Yoav N. Nygate, MS1 • Sam Rusk, BS1 • Chris R. Fernandez, MS1 • Nick Glattard, MS1 • Nathaniel F. Watson, MD, MSc2 • William Hevener, RPSGT • Bretton Beine, BS, RPSGT • Dominic Munafo, MD
Improving positive airway pressure (PAP) adherence is crucial to obstructive sleep apnea (OSA) treatment success.
We have previously shown the potential of utilizing Deep Neural Network (DNN) models to accurately predict future PAP usage, based on predefined compliance phenotypes, to enable early patient outreach and interventions. These phenotypes were limited, based solely on usage patterns.
We propose an unsupervised learning methodology for redefining these adherence phenotypes in order to assist with the creation of more precise and personalized patient categorization.
We trained a DNN model to predict PAP compliance based on daily usage patterns, where compliance was defined as the requirement for 4 hours of PAP usage a night on over 70% of the recorded nights.
The DNN model was trained on N=14,000 patients with 455 days of daily PAP usage data. The latent dimension of the trained DNN model was used as a feature vector containing rich usage pattern information content associated with overall PAP compliance.
Along with the 455 days of daily PAP usage data, our dataset included additional patient demographics such as age, sex, apnea-hypopnea index, and BMI. These parameters, along with the extracted usage patterns, were applied together as inputs to an unsupervised clustering algorithm.
The clusters that emerged from the algorithm were then used as indicators for new PAP compliance phenotypes.
Two main clusters emerged: highly compliant and highly non-compliant.
Furthermore, in the transition between the two main clusters, a sparse cluster of struggling patients emerged.
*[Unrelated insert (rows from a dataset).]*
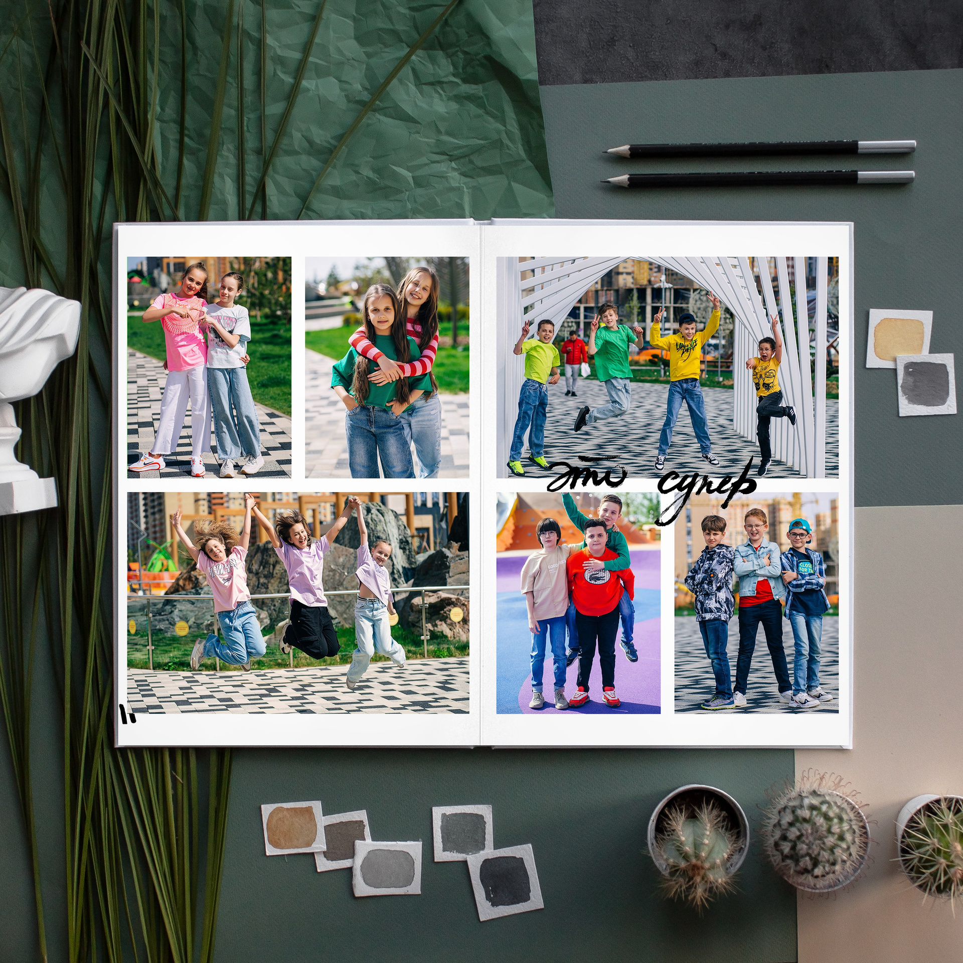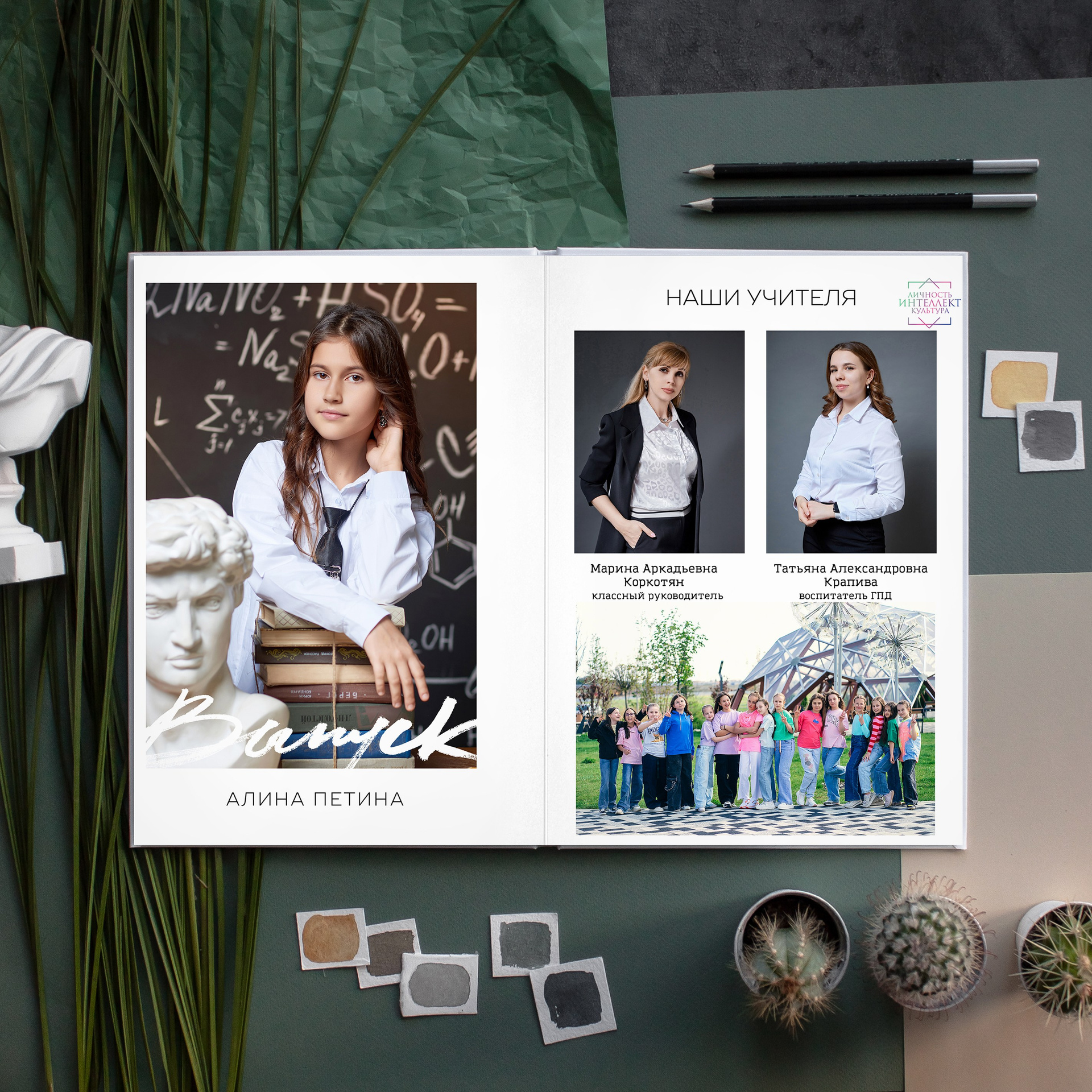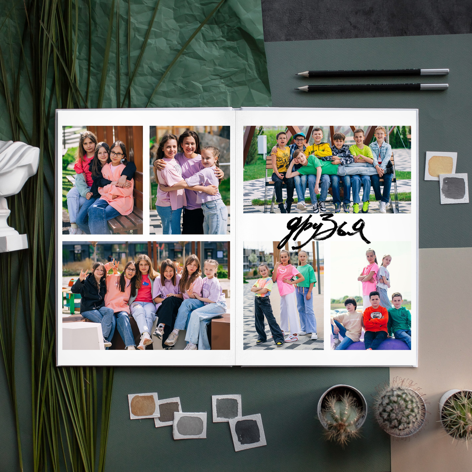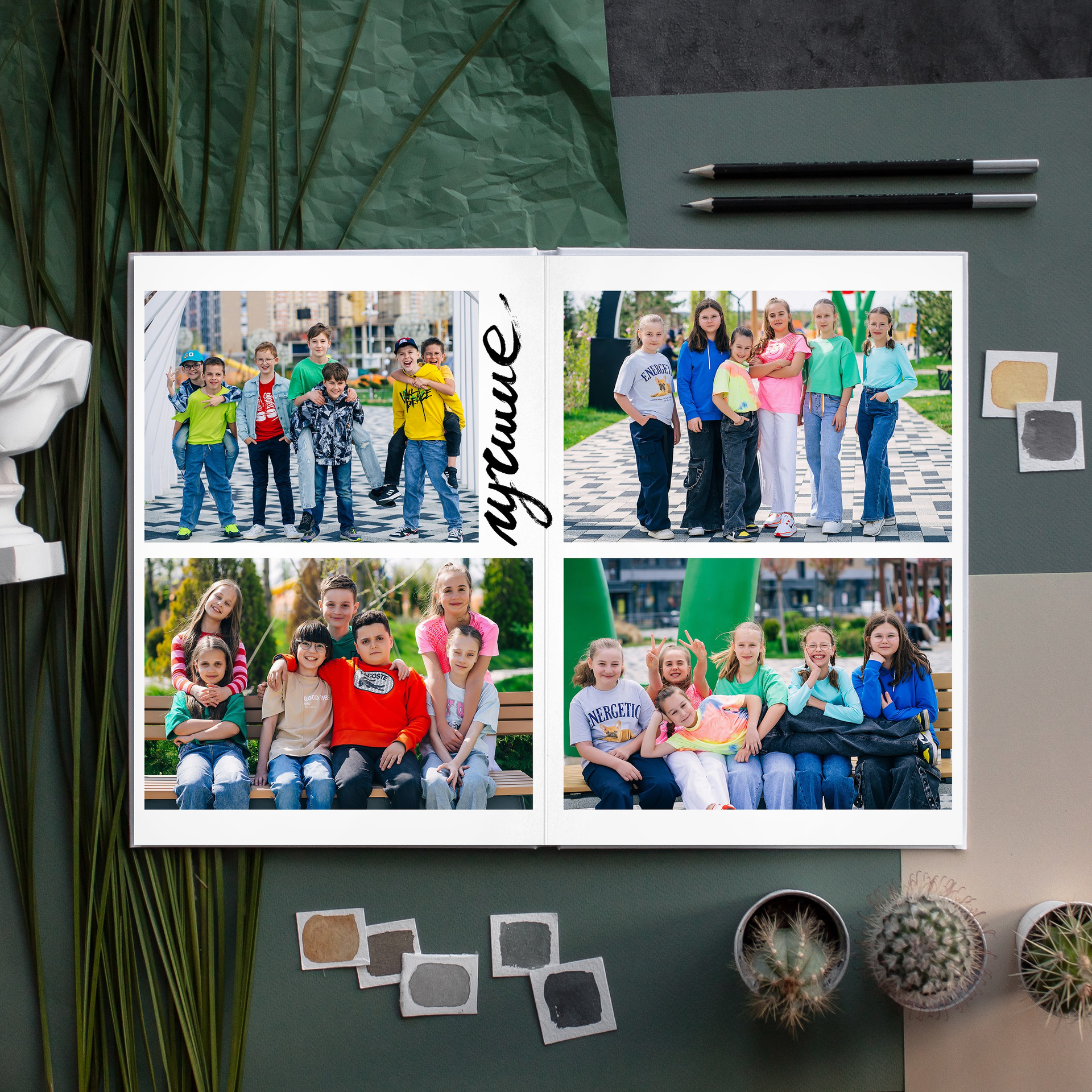 В нем 8 твердых разворотов (что ровняется 16 страницам), проводим портретные фотосессии в студии или школе и одну групповую на природе. Владелец альбома либо на обложке, либо внутри на развороте.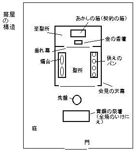 ・ あかしの箱(契約の箱)と贖いの蓋・中にはさとし(律法の書かれた二枚の石の板(神のことば)、アロンの芽を出した杖(復活、いのち)、マナの入った壷(日ごとの食物))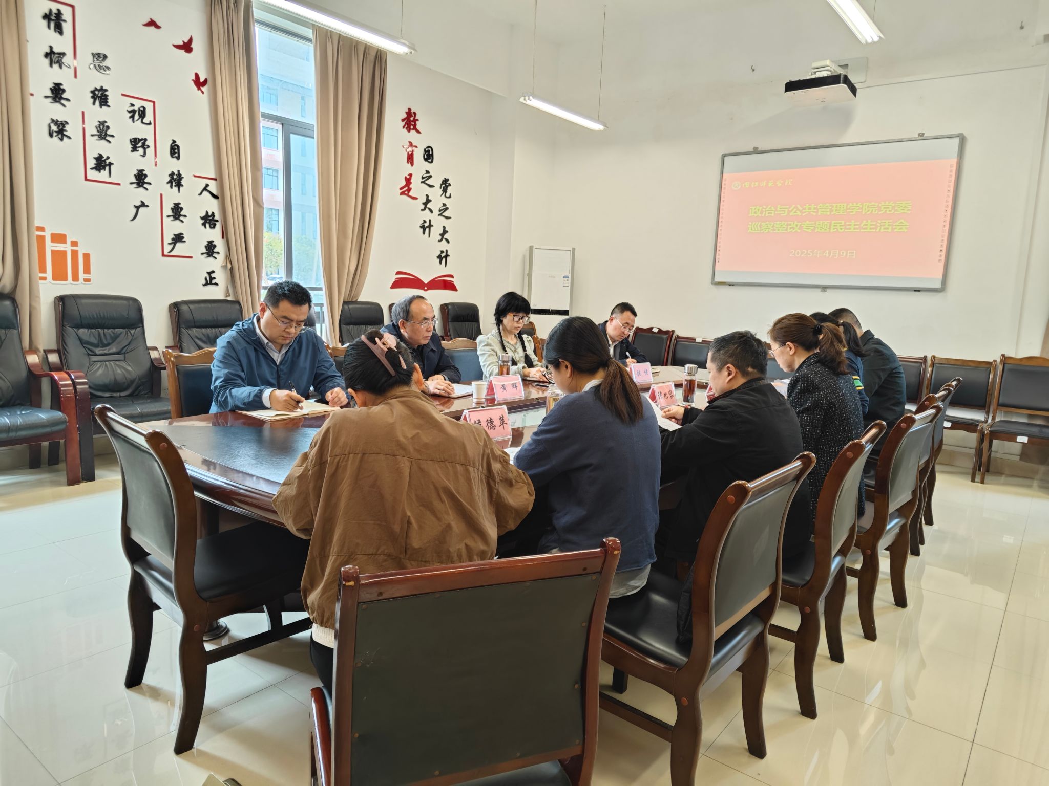 根据中共内江师范学院第四届委员会第一轮巡察第二巡察组巡察政治与公共管理学院党委整改工作要求,学院党委于2025年4月9日在学院会议室召开巡察整改专题民主生活会。学校党委常委、副书记黄辉,组织部专职组织员赵明骅,第二巡察组副组长许小涛,纪委监督检查科科长张憧莅临会议指导,学院领导班子参加会议。会议由学院党委书记谭化容主持。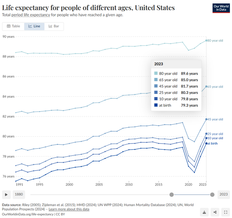 8. Baked into infant life expectancy numbers are non-health factors, like behavioral (risk taking / accidents), suicide, homicide, etc. So if you make it to 65 past the gauntlet -- you havent been killed in a DUI, or liver cirrhosis from watching too many UT games -- you "gain" 5+ years of expectancy.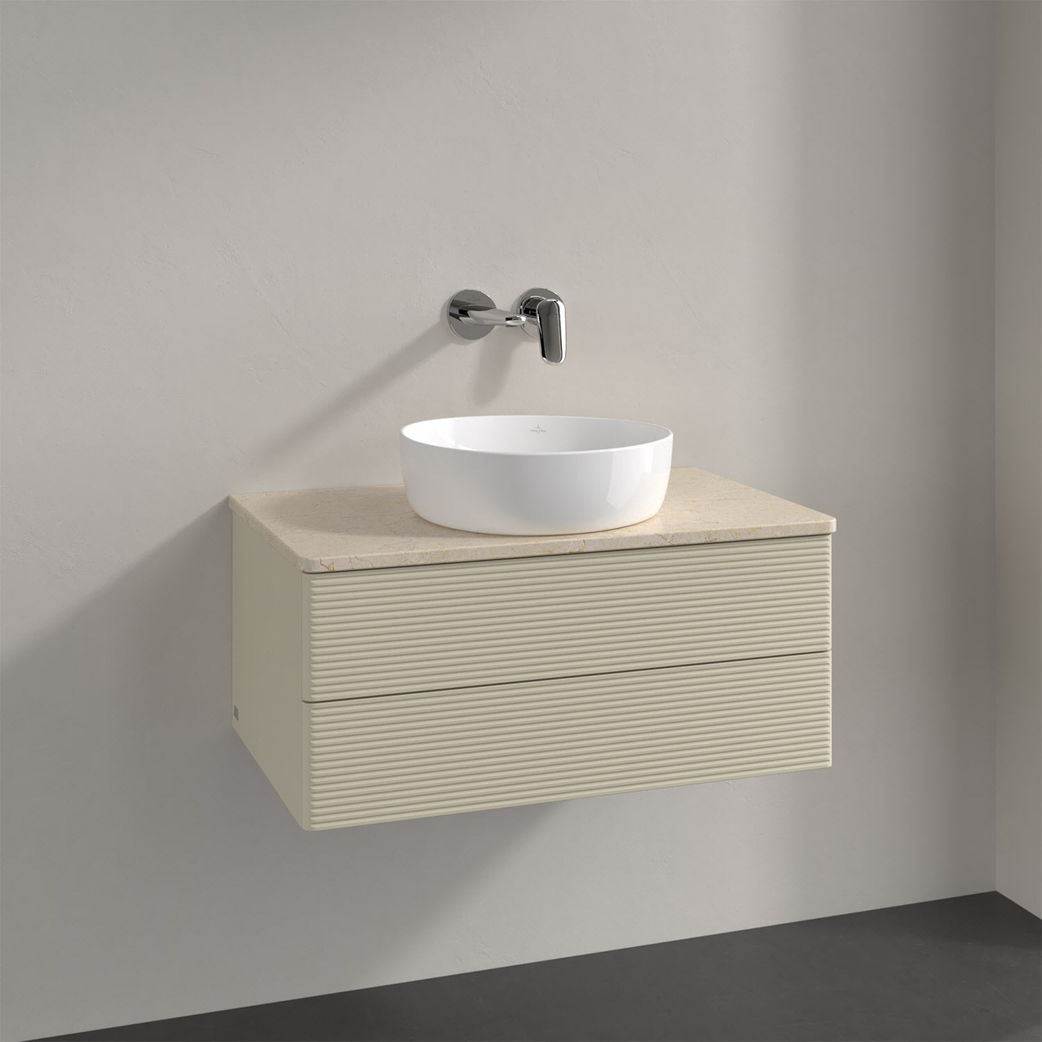 Villeroy & Boch Antao Waschbeckenunterschrank, 80 x 36 cm, 2 Auszüge mit LED-Licht, Front mit Struktur, ohne Hahnloch

This method allows for the continuous monitoring of patients as they transition from one cluster to the other.
In this research, we have shown that by utilizing historical PAP usage patterns along with additional patient information we can identify PAP specific adherence phenotypes. Clinically, this allows focus of PAP adherence program resources to be targeted early on to patients susceptible to treatment non-adherence.
Furthermore, the transition between the two main phenotypes can also indicate when personalized intervention is necessary to maximize treatment success and outcomes. Lastly, providers can transition patients in the highly non-compliant group more quickly to alternative therapies.